DATA PROVIDED
= = = =

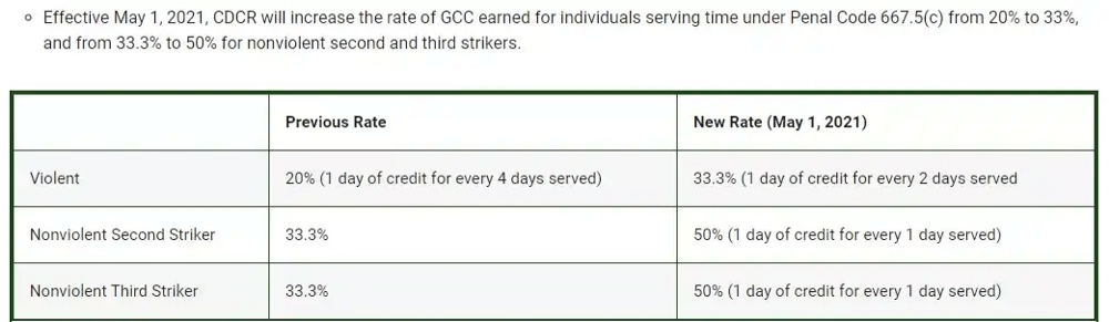 这项政策说的是加州的监狱调整了服刑犯人的积分系统,该系统的主旨是,如果在监狱服刑期间表现良好可以获得减刑。调整之后的政策是,从服刑四天可以获得减刑一天,变成了服刑两天就可以减刑一天。这样刑期减少的幅度就更快了。
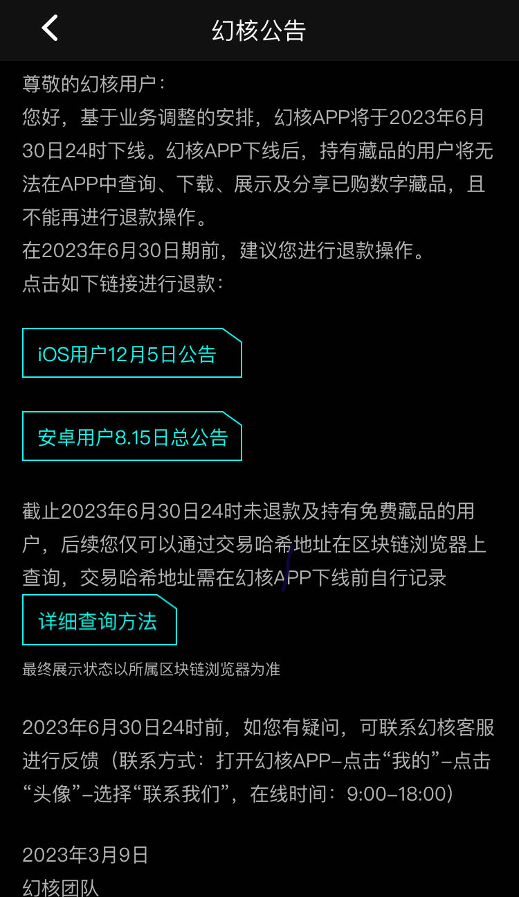 3月9日,腾讯旗下数字藏品平台幻核发布下线通告:基于业务调整的安排,幻核APP将于2023年6月30日24:00下线。幻核APP下线后,持有藏品的用户将无法在APP中查询、下载、展示及分享已购数字藏品,且不能再进行退款操作。幻核建议用户在2023年6月30日期前进行退款操作。
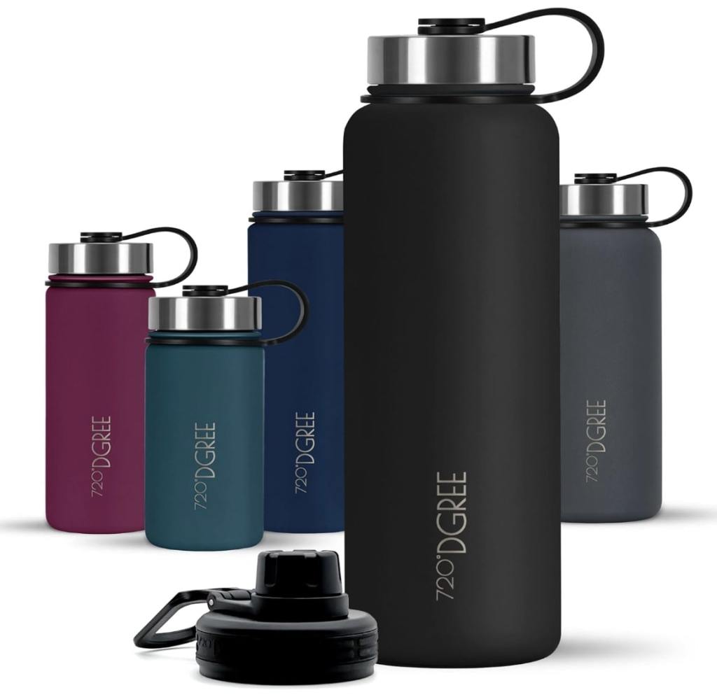 En los modelos más básicos y económicos nos podemos encontrar con diseños como el del 720º Dgree que con su tapa deportiva va a facilitar el consumo sin necesidad de desenroscarla, mientras que la tapa de acero inoxidable hermética prolonga el tiempo de retención del calor. Está fabricado con acero inoxidable 18/8 lo que le otorga robustez y resistencia a los golpes, con una capa exterior protectora disponible en varios colores y capaz de soportar arañazos.

= = = =

TRY IT
Give back the material above word for word; no picture belongs in it.

EXPECTED ANSWER
 这项政策说的是加州的监狱调整了服刑犯人的积分系统,该系统的主旨是,如果在监狱服刑期间表现良好可以获得减刑。调整之后的政策是,从服刑四天可以获得减刑一天,变成了服刑两天就可以减刑一天。这样刑期减少的幅度就更快了。
 3月9日,腾讯旗下数字藏品平台幻核发布下线通告:基于业务调整的安排,幻核APP将于2023年6月30日24:00下线。幻核APP下线后,持有藏品的用户将无法在APP中查询、下载、展示及分享已购数字藏品,且不能再进行退款操作。幻核建议用户在2023年6月30日期前进行退款操作。
 En los modelos más básicos y económicos nos podemos encontrar con diseños como el del 720º Dgree que con su tapa deportiva va a facilitar el consumo sin necesidad de desenroscarla, mientras que la tapa de acero inoxidable hermética prolonga el tiempo de retención del calor. Está fabricado con acero inoxidable 18/8 lo que le otorga robustez y resistencia a los golpes, con una capa exterior protectora disponible en varios colores y capaz de soportar arañazos.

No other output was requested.